Yucatán declared its independence from the Spanish Crown in 1821 and during the Caste War of Yucatán the city was abandoned but repopulated after federal troops regained possession of it.  In 1865, the area was assigned to the partition of Valladolid Municipality. In 1918, it was designated as its own municipality.

Governance
The municipal president is elected for a three-year term. The town council has nine councilpersons, who serve as Secretary and councilors of public works, public lighting, police commissaries, public security, public monuments, nomenclature, ecology, and public sanitation.

Communities
The head of the municipality is Chemax, Yucatán. There are 170 populated areas of the municipality with the most important locations being: Además, Catzim, Chemax, Chen, Cocoyol, Kuxeb, Lolbé, Mucel, Punta Laguna, San Juan, San Pedro, Santa Cruz, Santa Elena, Sisbichén, Uspibil, Xalaú, X-Can, X-mab, X-maben, Xochmil, X-tejas and Xuneb.
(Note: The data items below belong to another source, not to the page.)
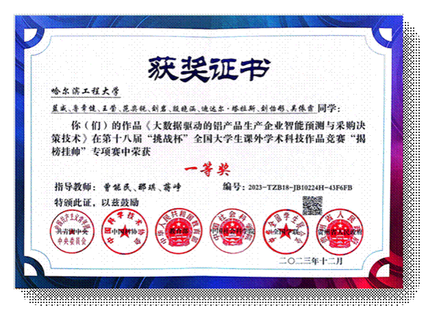 在知识运用、创新能力、团队精神持续提升下,团队参加第十八届“挑战杯”全国大学生课外学术科技作品竞赛“揭榜挂帅”专项赛,斩获全国一等奖。同时,团队成果为中国石油解决成品油调度问题、中核集团解决实验室自动化建设打下了良好的基础。该成果获黑龙江省共青团等多家媒体报道,团队获评太阳集团9728“2023-2024年度学生创新创业标兵团队”。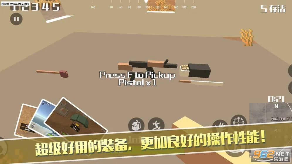 1、风格与适配良好。采用复古像素建模打造3D荒野场景,角色可爱,30MB超小体积能适配低配置设备,离线也可流畅运行。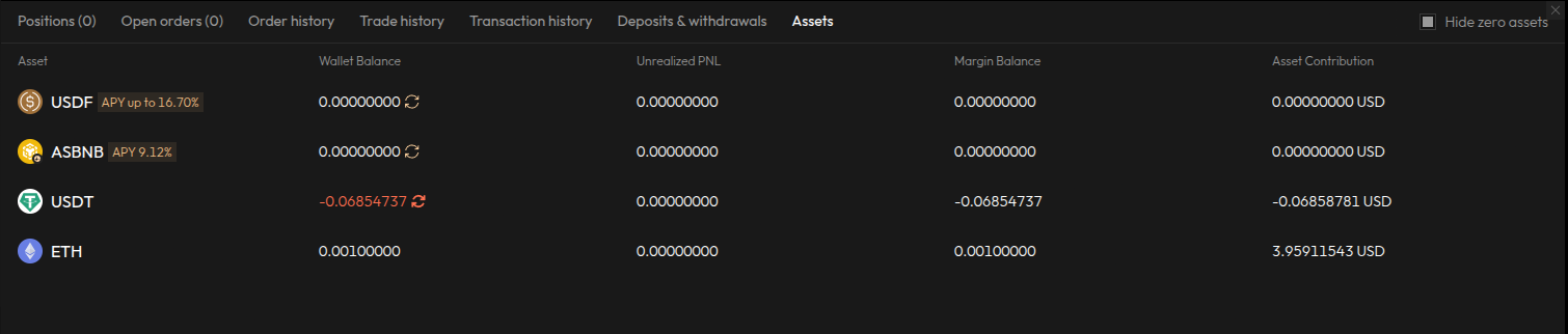 If you sold your position at a loss, you may need to rebalance your assets. To do this, click the ‘Assets’ tab then click the ‘refresh’ icon next to the asset that has a negative balance.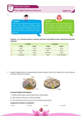 4. Aşağıda Türkiye’de nüfusun ekonomik faaliyet kollarına dağılımı (TÜİK, 2016), Türkiye’de kır ve şehir nüfusuna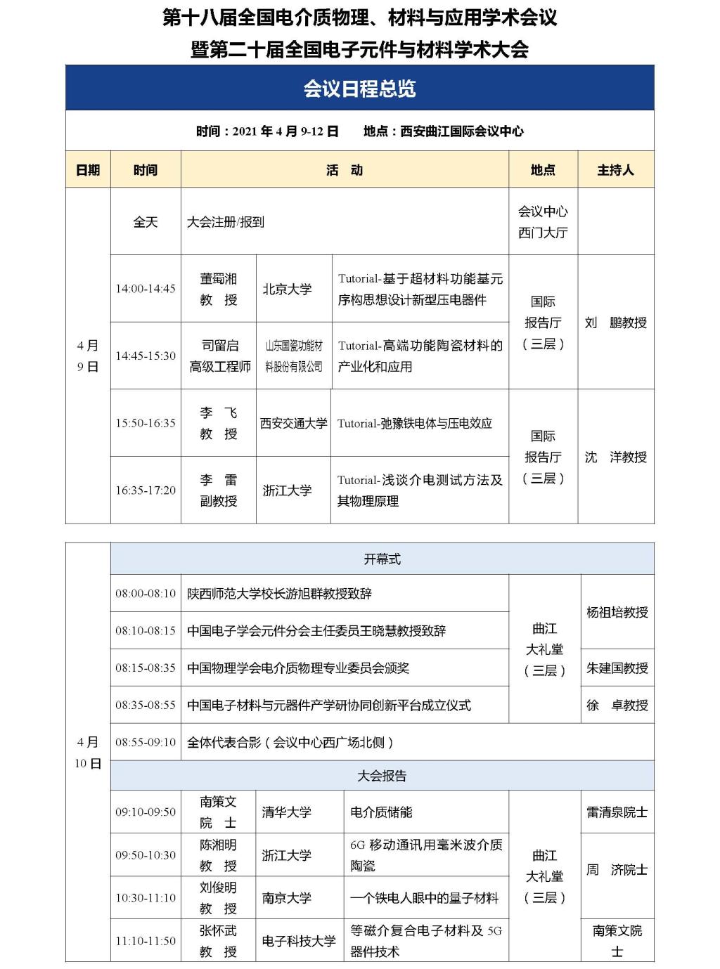 第十八届全国电介质物理、材料与应用学术会议暨第二十届全国电子元件与材料学术大会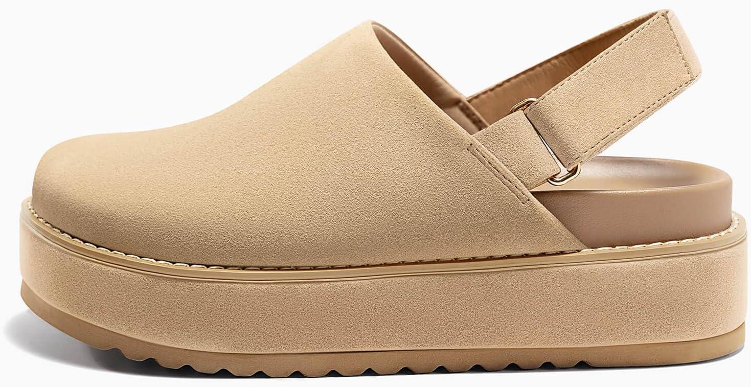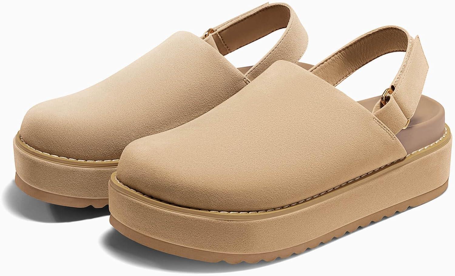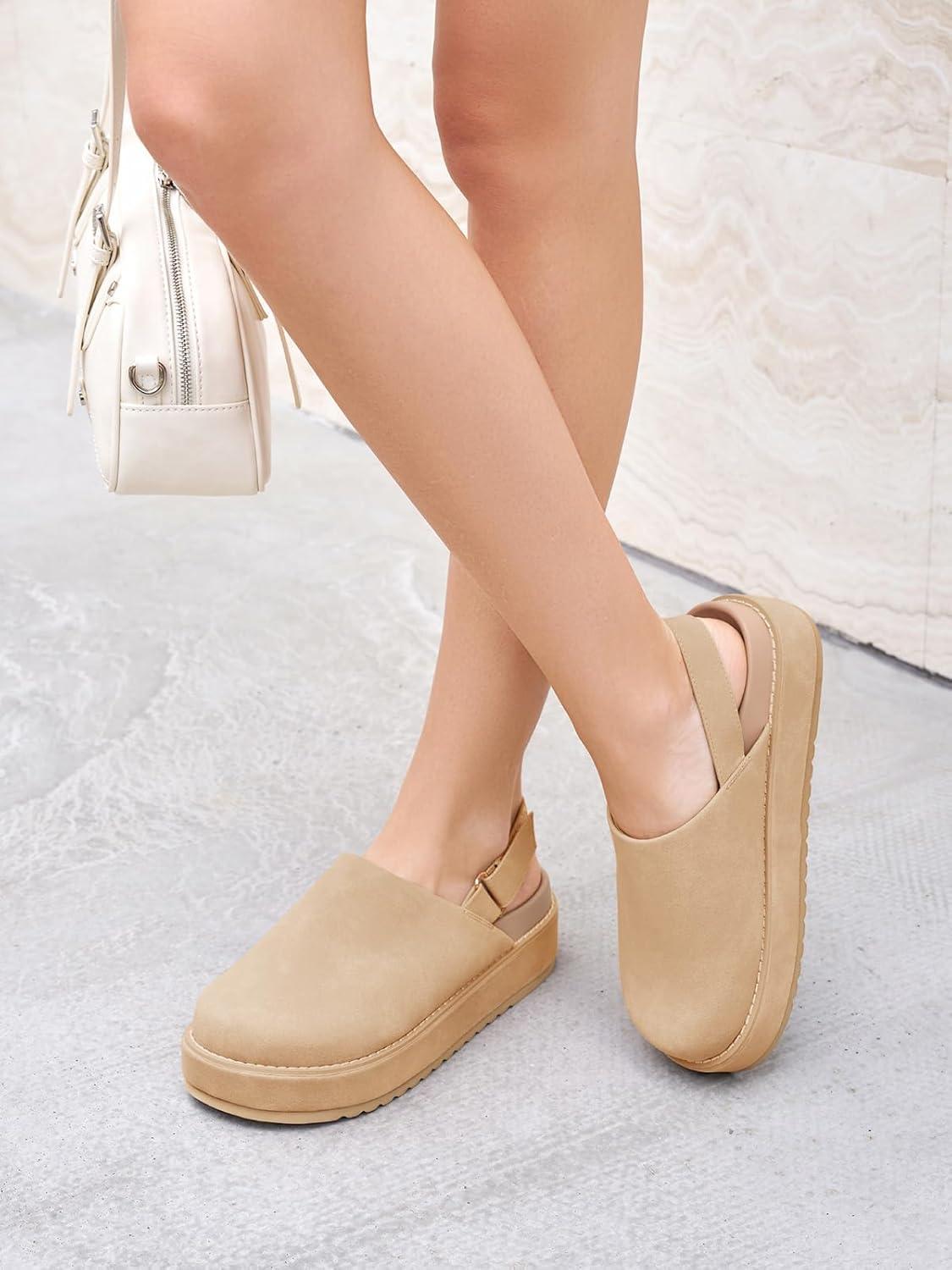 Coutgo Women’s Platform Clogs Adjustable Strap Slip on Mules Shoes Comfortable Fall Sandals(Khaki)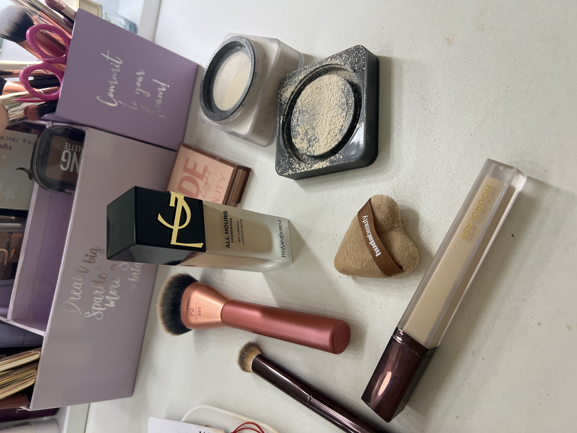 collection of makeup products on a light-colored surface, possibly a table or vanity. Visible items include a YSL All Hours Foundation bottle, Hourglass concealer, Huda Beauty powder puff, two loose powder containers (one square and one round), a Nude Light palette, a dark powder palette with the letters "NG", various makeup brushes, and three lavender storage containers. The brush on the table is labeled "RT 261." The containers have inspirational phrases written on them: "Commit to your dream!" and "Dream big, sparkle more, shine bright." The scene is close-up and lacks contextual clues about a specific location. There is no evidence to suggest the image was taken in Markovo, Bulgaria. There are no people visible in the scene.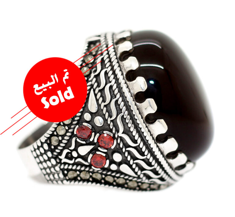 خاتم ملكي تحفة من الفضة الإيطالي عيار 925 حجم راهي مرصع بفصوص الماركزيت والزركون الأحمر ومتوج بحجر كبير ومميز جدا من العقيق شفة العبد اليمني الطبيعي Agate المميز جدا في درجة اللون والبريق والحجر به عرق من الكوارتز الطبيعي Quartz القوي في صد الطاقات السلبية والحماية مما يجعل الحجر نادر جدا ويعتبر حجرين في حجر واحد – مرفق مع الخاتم شهادة مختومة بختم موقعنا الرسمي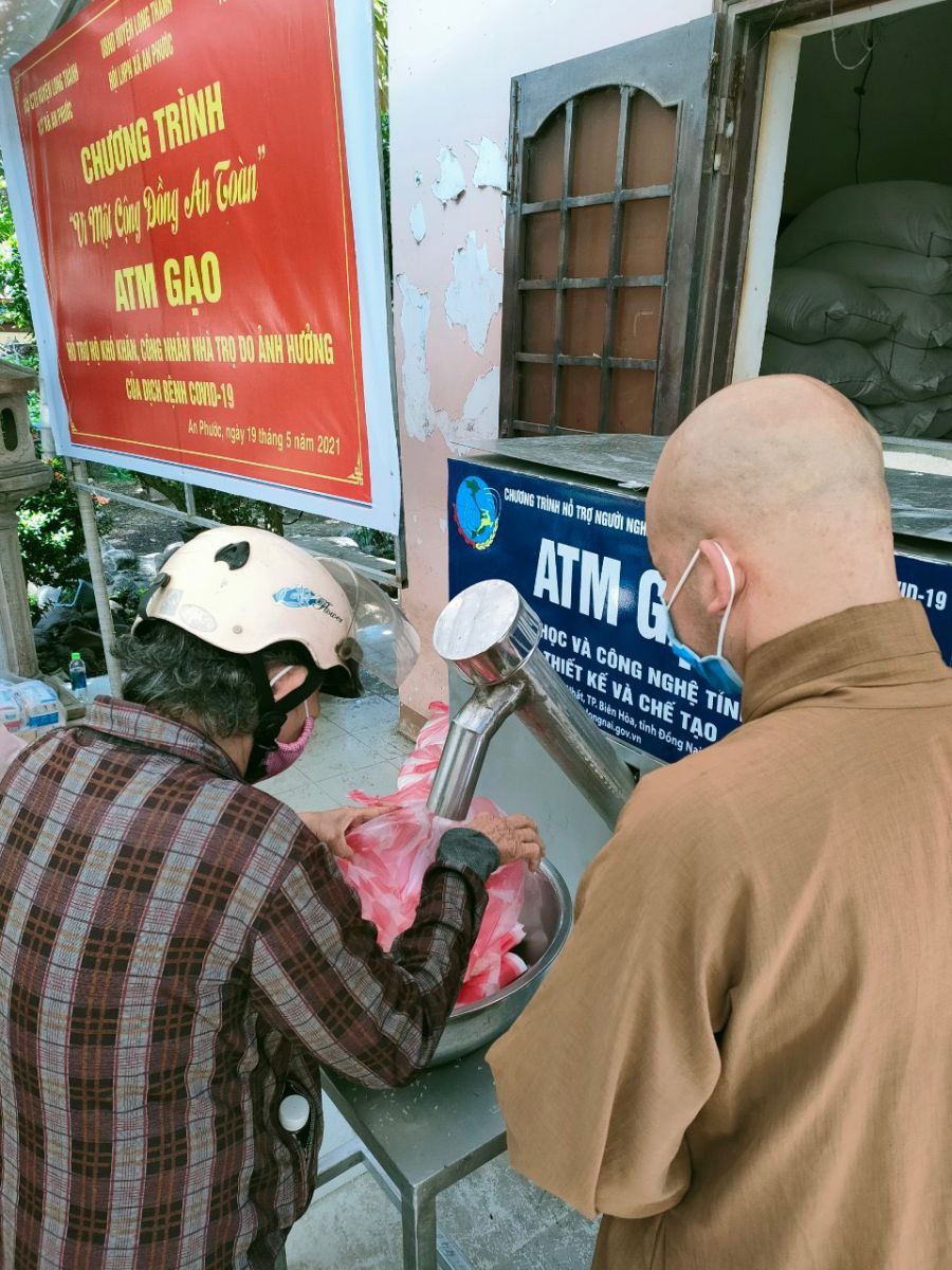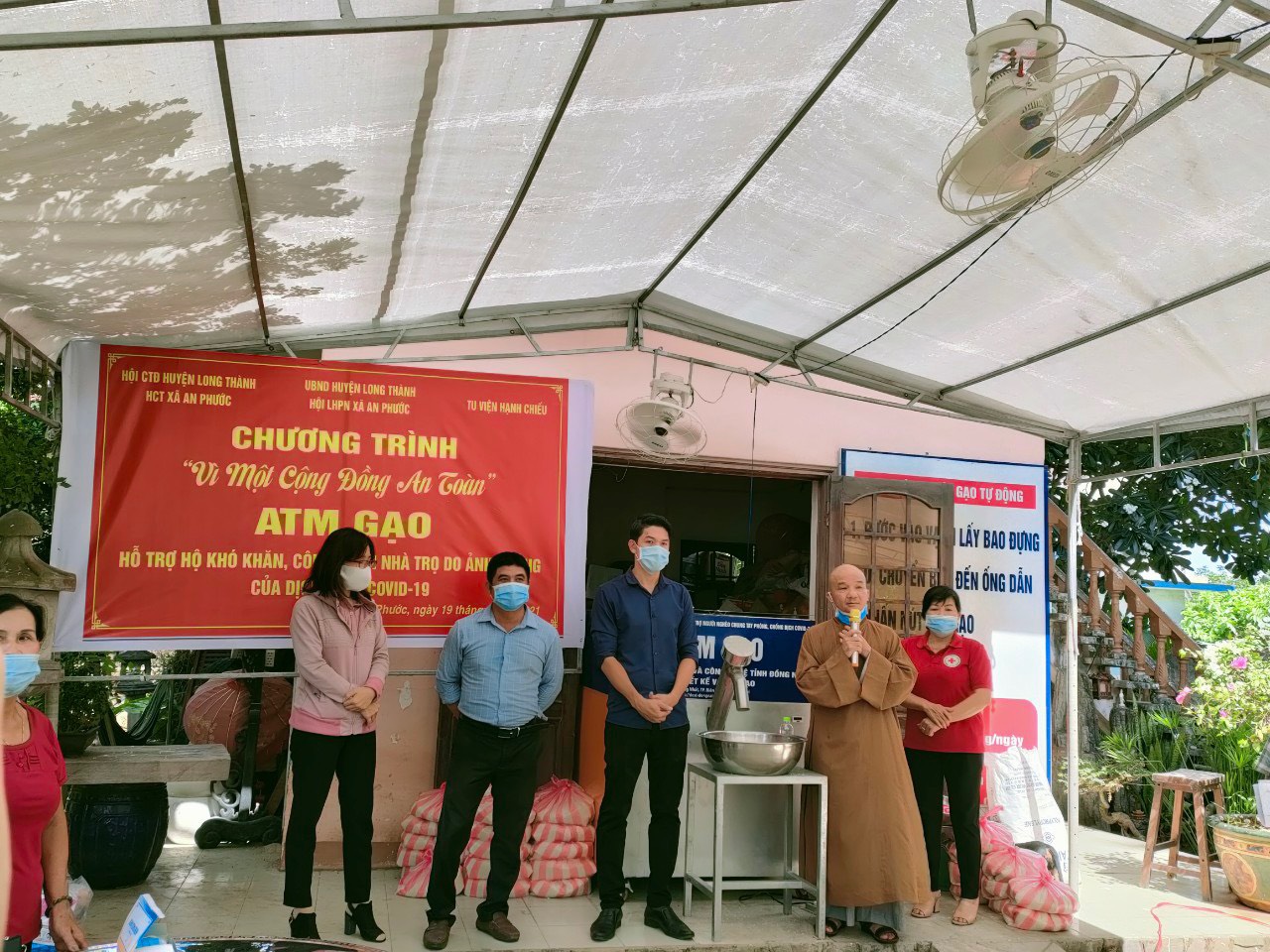 Tiếp nối các chương trình đó, Thượng tọa Thích Minh Hạnh - Trưởng ban Pháp chế GHPGVN huyện Long Thành, Trụ trì Tu viện Hạnh Chiếu (xã An Phước, huyện Long Thành) đã vận động quý Phật tử, các mạnh thường quân ủng hộ Chương trình “Vì một cộng đồng an toàn”, dựng cây ATM gạo tại chùa.

The significant populations are shown below:

Local festivals

From 10 to 13 June, festival in honor of San Antonio de Padua, patron saint of the town of Chemax.

Tourist attractions
 Churches of San Antonio de Padua, built in the sixteenth century
 Church of La Purísima Concepción, built in the seventeenth century
 Church of San Pedro, built in the seventeenth century
 Archaeological sites at Bolmay, Palaban, Petul, Poxil, Sotpol, Tamba, Xalau, Xcan, Xcoom, Xmaos and Xuyap
 Cenotes at Abli, Aktun Eek, Aktun Teel, Aktun Uspibil and Alamo I

Climate
Considered a tropical savanna climate typically with a pronounced dry season.  The Köppen Climate Classification subtype for this climate is Aw (Tropical Savanna Climate).